Kavanaugh calls Roe V. Wade settled, but Dem critics unmoved

Sen. Susan Collins, R-Maine, speaks with Supreme Court nominee Judge Brett Kavanaugh at her office, before a private meeting on Capitol Hill in Washington on Tuesday, Aug. 21, 2018. (AP Photo/Jose Luis Magana)

WASHINGTON | Supreme Court nominee Brett Kavanaugh said Tuesday that he views Roe v. Wade as settled law, according to Sen. Susan Collins of Maine, but the answer did not pacify Democrats who say he would restrict abortion access from the bench.

Kavanaugh told Collins that he agrees with Chief Justice John Roberts, who called Roe v. Wade settled law during his 2005 confirmation hearings.

“We talked at great length about precedent and the application of stare decisis to abortion cases,” Collins said, using the legal term for settled precedent.

Kavanaugh had vowed to oppose President Donald Trump’s nominee if he had “demonstrated hostility” to the 1973 decision codifying abortion rights.

Collins called the meeting “very informative” and said they discussed a variety of topics. She does not plan to make a decision on how to vote until after the Senate Judiciary Committee holds confirmation hearings for Kavanaugh, set for next month.

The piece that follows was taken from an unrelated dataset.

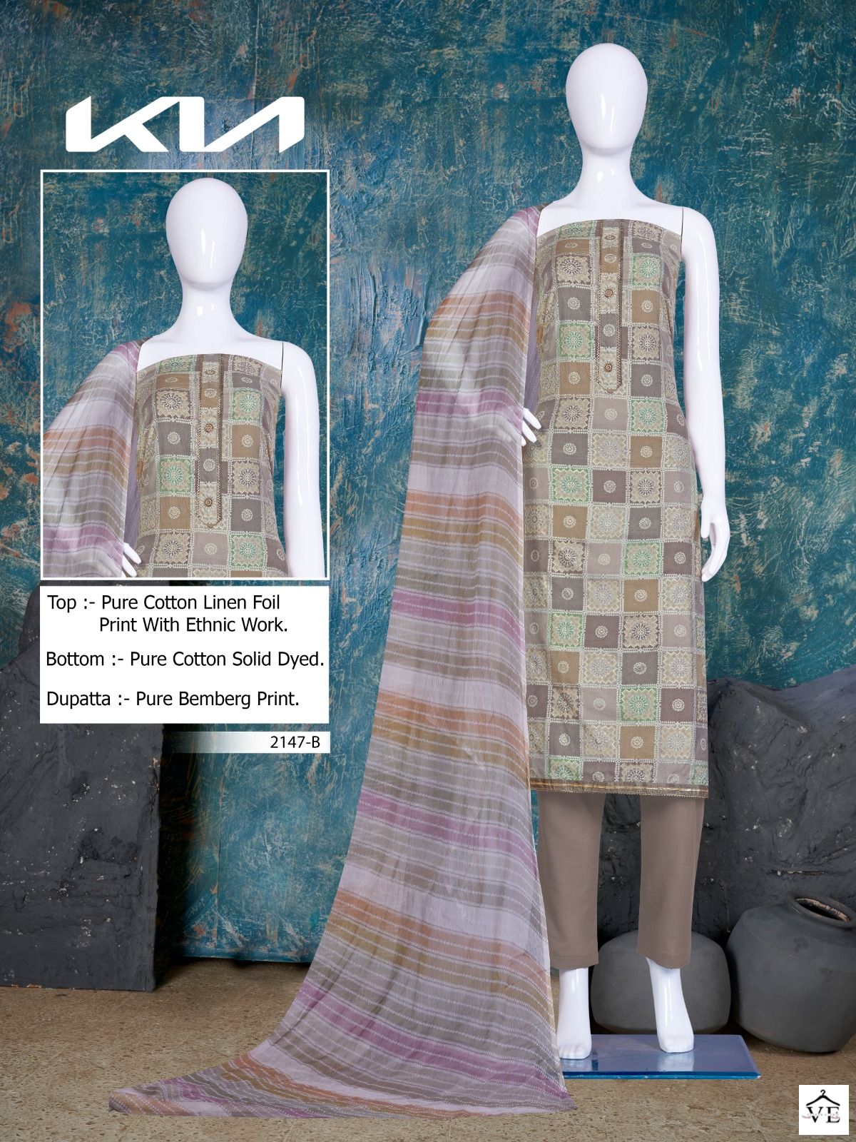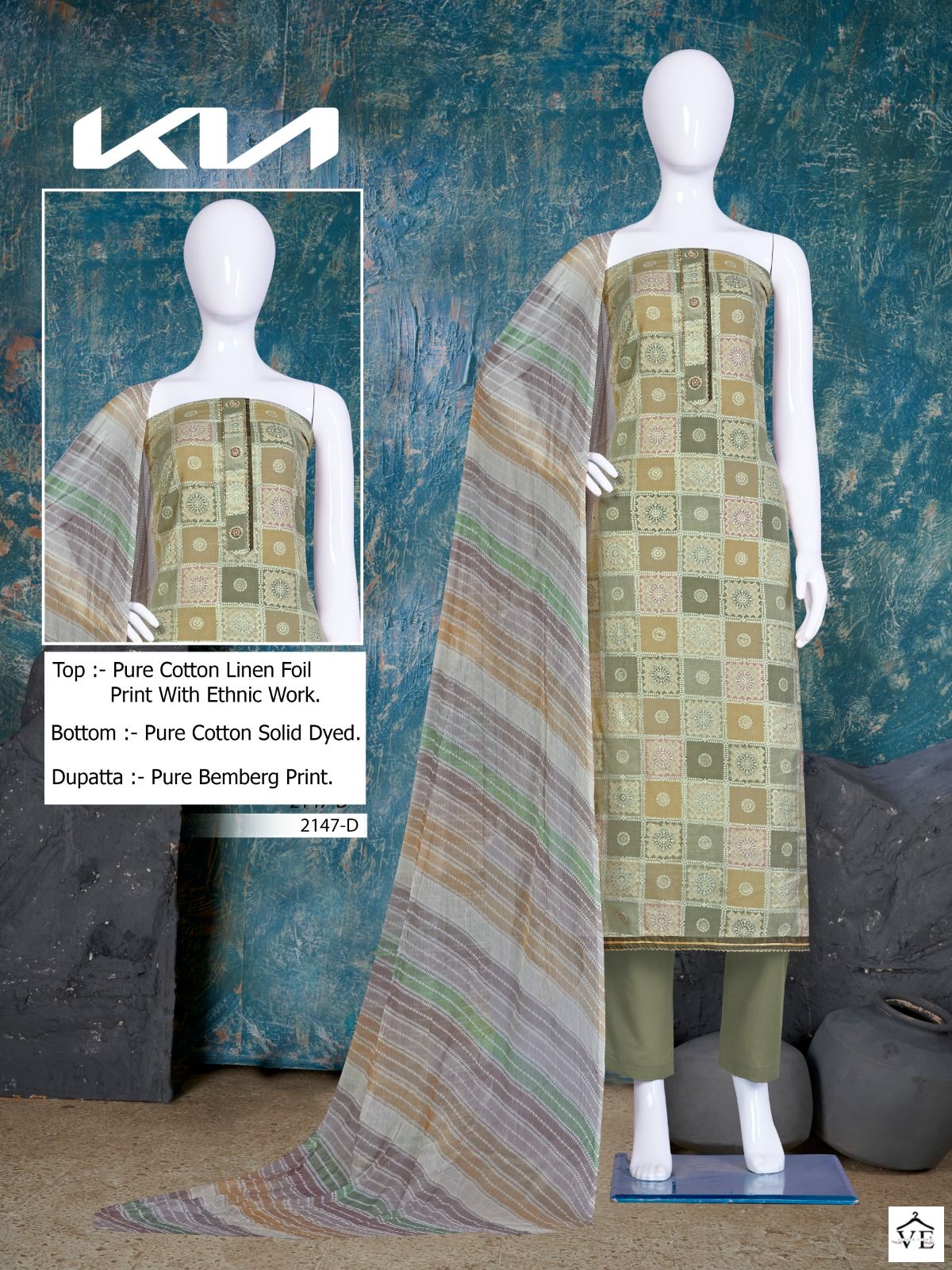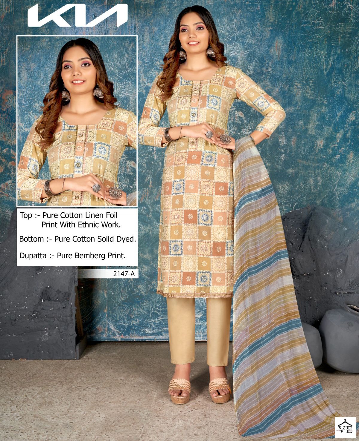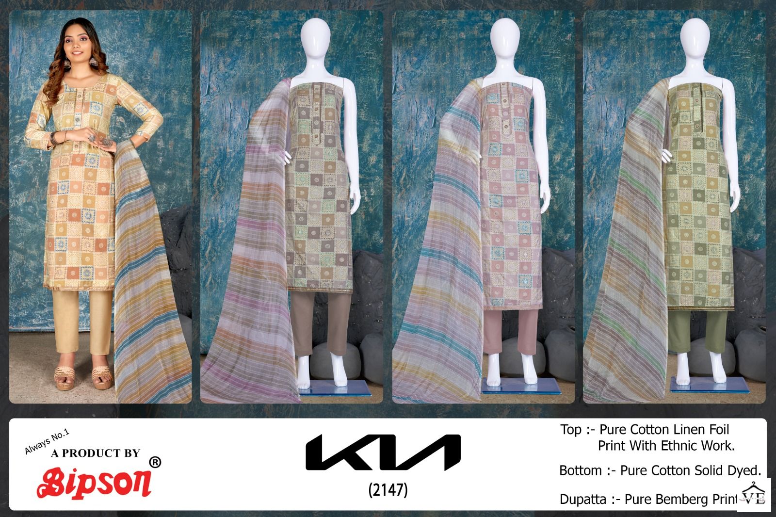 Bipson Kia 2147 Pure Linen Wholesale Salwar Suit Catalog 4 Pcs. We deal in Kurtis, Sarees, Dresses Materials, Leggings, and Designer Salwar Kameez.

Kavanaugh has already met with most Senate Republicans, but winning support from Collins and Sen. Lisa Murkowski, R-Alaska, could be crucial. Both senators support access to abortion services.

Republicans maintain a narrow 50-49 majority in the Senate due to the absence of ailing Sen. John McCain, R-Ariz., and can’t afford a single defection on Kavanaugh if every Democrat votes no.

Democrats have complained that Republicans are withholding documents in their rush to confirm Trump’s pick for the court ahead of the midterm elections.

They want access to records that crossed Kavanaugh’s desk as Bush’s staff secretary. But Republicans have declined to pursue them, saying there are adequate records available from Kavanaugh’s previous administrative work, including 12 years as an appellate court justice.

The National Archives is also producing documents from Kavanaugh’s time serving during Kenneth Starr’s investigation of President Bill Clinton, but has said its larger cache of files from the Bush years won’t fully be delivered until later this year.